The primary outcome measures were the percentage of patients who were immunized at the end of the study and the difference, in absolute percentage points, in immunization rates between groups receiving a reminder/recall vs control groups.

We were interested in both the overall effectiveness of patient reminder/recall and the relative effectiveness for key subgroups defined by patient age (child or adult), practice setting (academic medical center–based clinic, public health department clinic, or private practice), dates of study (before 1980, 1980-1989, or 1990-1998), type of vaccination (universal, such as all routine childhood vaccinations; or targeted, such as influenza for high-risk patients with specific chronic diseases), type of reminder/recall intervention (postcard, letter, telephone, autodialer, or combination), and frequency of intervention (single or multiple).

Analysis

Results are presented for individual studies as absolute changes in immunization rates (eg, >20-percentage-point increase in intervention vs control group rates), rather than relative rates, to allow for comparisons among studies.

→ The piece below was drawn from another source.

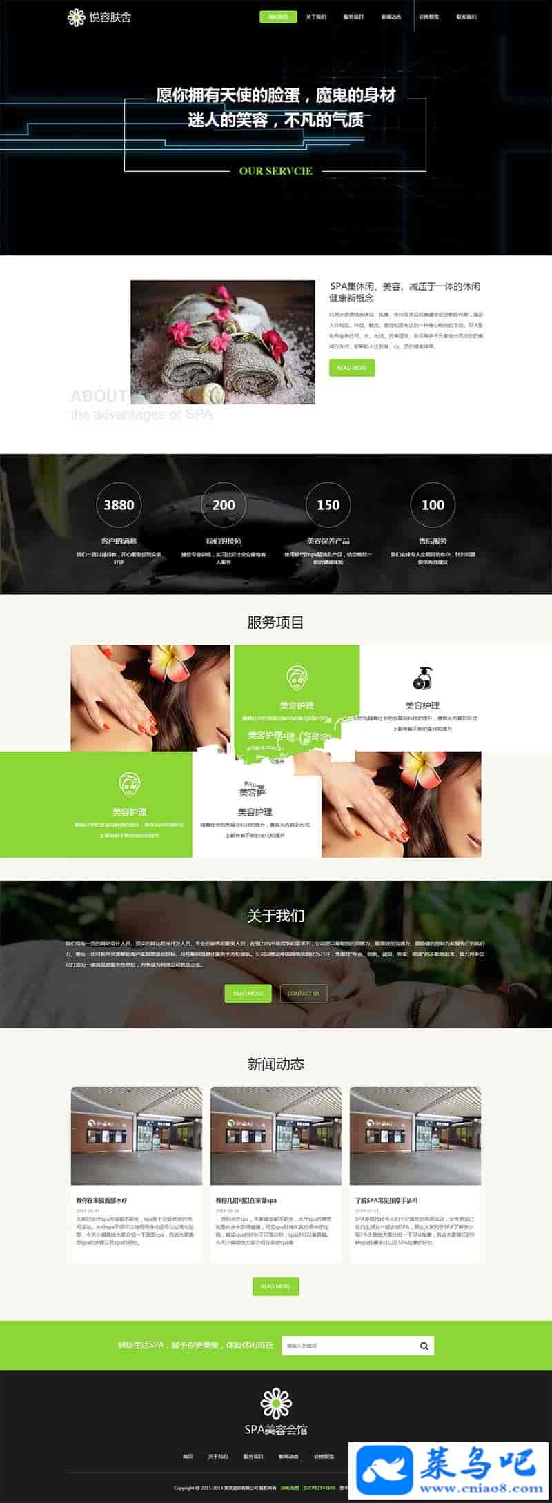 3、适用于美容美体织梦模板、养生会所网站源码;
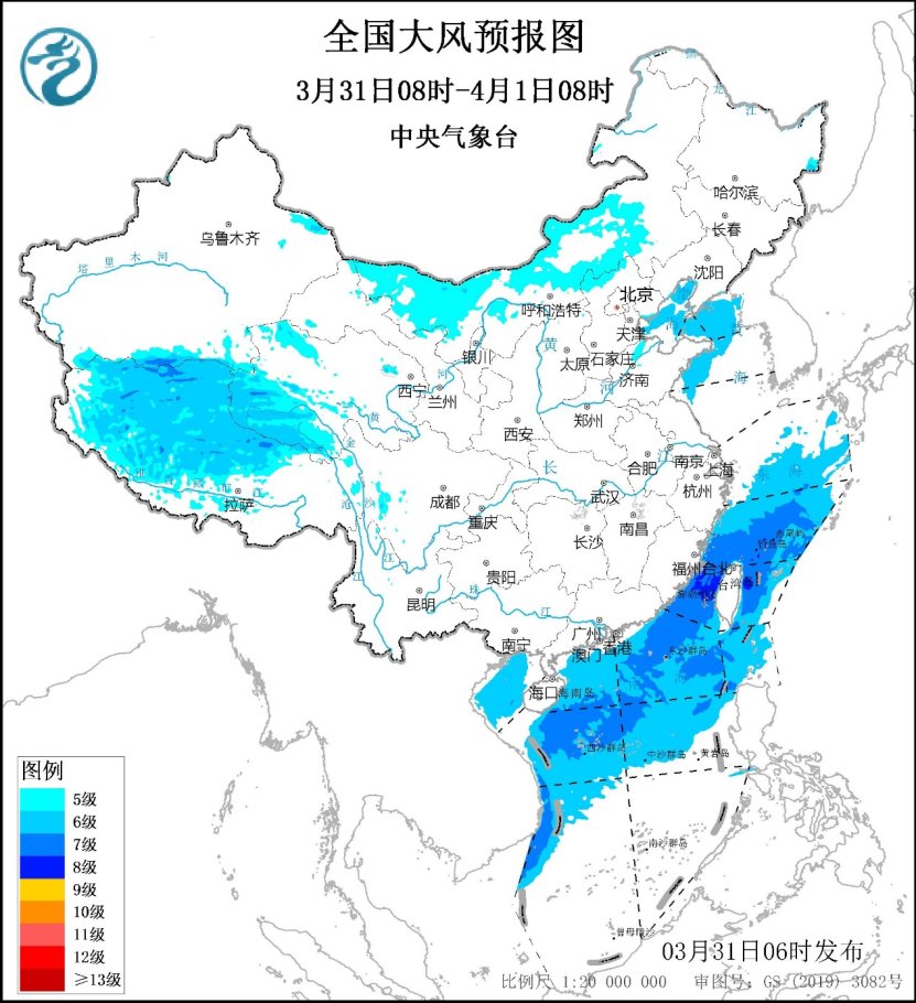另外,3月31日至4月1日,受高空槽影響,內蒙古中東部、華北北部和西部、山東半島及青海南部、西藏中北部等地等地有4~6級風,陣風7~8級。

When possible, odds ratios (ORs) for being up to date or having received vaccinations are shown for intervention vs control patients. Studies were also subgrouped according to the key characteristics described herein. For each subgroup and for all studies combined, summary ORs were obtained using Review Manager, the computer program for analyzing Cochrane Reviews.16

We analyzed the study results as a funnel plot of the effect of reminder/recall against the sample size (which we used as a proxy for study precision since variance in immunization rates was often not available). If publication bias existed, we expected that more precise studies would be more likely to cluster around null results.20 Such clustering was not found, suggesting that positive findings of published studies were not due to publication bias.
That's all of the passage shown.